It’s a powerful statement to proclaim “no more performance reviews.” The concept of removing measures of mediocrity is important.  Measuring ‘average’ doesn’t drive top talent and doesn’t inspire even average talent which plagues your company today. As companies compete for top talent incentives are changing. They have to, because existing methods are not able to retain great employees.  It’s no longer ‘good enough’ just to pay them more, or provide constructive feedback. They need engagement: welcome the introduction of the millennial into the workforce.

 

Real Talent Drivers

It’s great to hear that Deloitte is changing the performance management process (a sampling population of 1,954 or 3% and average error rates of 5% is problematic).  Regardless, variable compensation tends to restrict human capital development. Is this new? In any event, we do know what top performers stay, and why they leave. We know that the number one factor good people leave companies is horrible leadership.  It’s not only incompetent leadership, which is all too pervasive. Great employees leave because their beliefs, values and the company mission had changed from what they thought or bought into when they initially joined.  

 

Top leaders (employees) are looking for three things:

  1. Autonomy – have control in what you do
  2. Mastery – focus on your strengths
  3. Purpose – feel (emotion) you are making a positive difference

 

 mastery

 

Measuring Employees

How is the return on human capital (RoHC) measured? One measurement is effectiveness. For example, how an employee is rated, 360 reviews, or alignment to predetermined evaluation criteria.  A second measurement is efficiency or example time spent on tasks (project accounting) or overall hours spent by employee. Neither of these measures value created.

 

Employees Work with You, Not For You

 

In 2014 David Williams, wrote in Forbes three reasons to abolish employee reviews: 1. They focus on the negative 2. An employee never forgets a bad review experience. 3. Employees are asked to rate themselves, often never above a 3. Williams presented Eleanor Roosevelt who reminds us, “No one can make you feel inferior without your consent.”

 

You own the decision.  You as the employee, whether you’re way down reporting to someone else way down or the CEO reporting to the board, can decide who to work with.

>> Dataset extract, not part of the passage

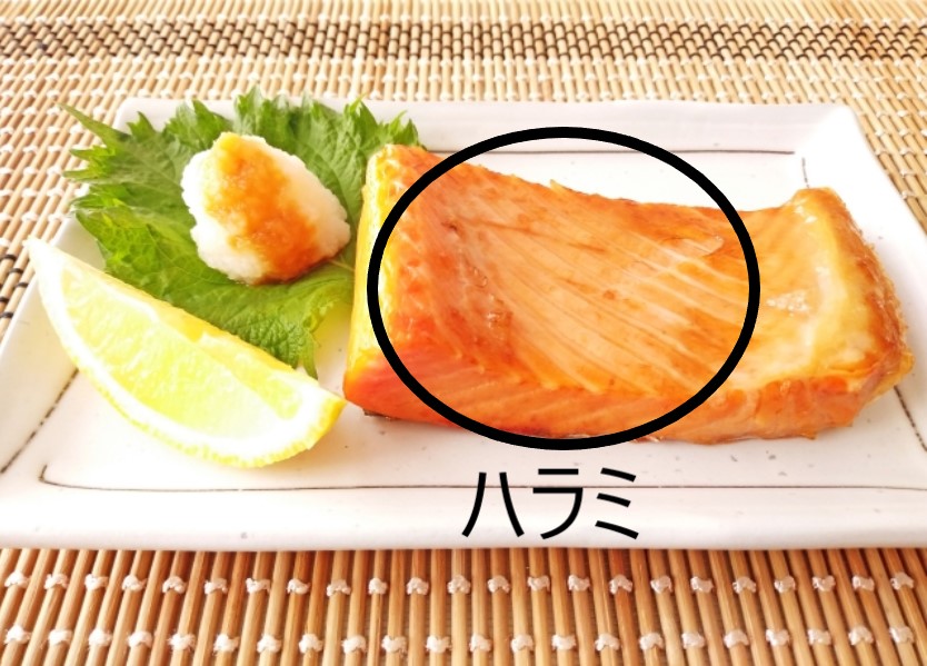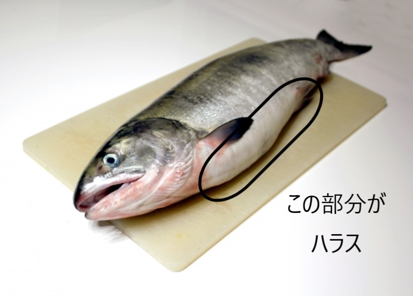 鮭(サケ)は普通の身以外にも、ハラス(鮭ハラス)という名称の部位があります。
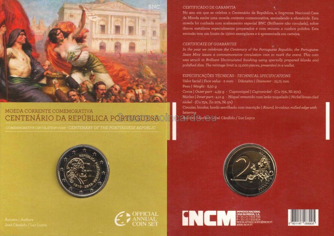 Minca pripomína 100. výročie pádu konštitučnej monarchie kráľa Manuela II. a vyhlásenie Portugalskej republiky po revolúcii z 5. októbra 1910. Na vnútornej časti mince je v strede zobrazený portugalský štátny znak a symbol „República“, čo sú dva najreprezentatívnejšie symboly Portugalskej republiky, okolo ktorých sa uvádza text „República Portuguesa – 1910 – 2010“, značka Portugalskej mincovne Imprensa Nacional "INCM" a meno autora „JOSE CÂNDIDO“.

Often employers and managers forget this.  Average employees may stay, the great ones will leave.  They won’t ask permission: just tomorrow they will be gone.

 

Questions of Root Deduction

How were teams selected for the control groups?

Were team selected randomly, taking into account low performance teams and high performance teams, or were the teams selected from above average teams?

If the sampling population is from a distribution that were mostly high performers, how does this impact the survey results?

Does this logic apply outside of Professional Services that was sampled?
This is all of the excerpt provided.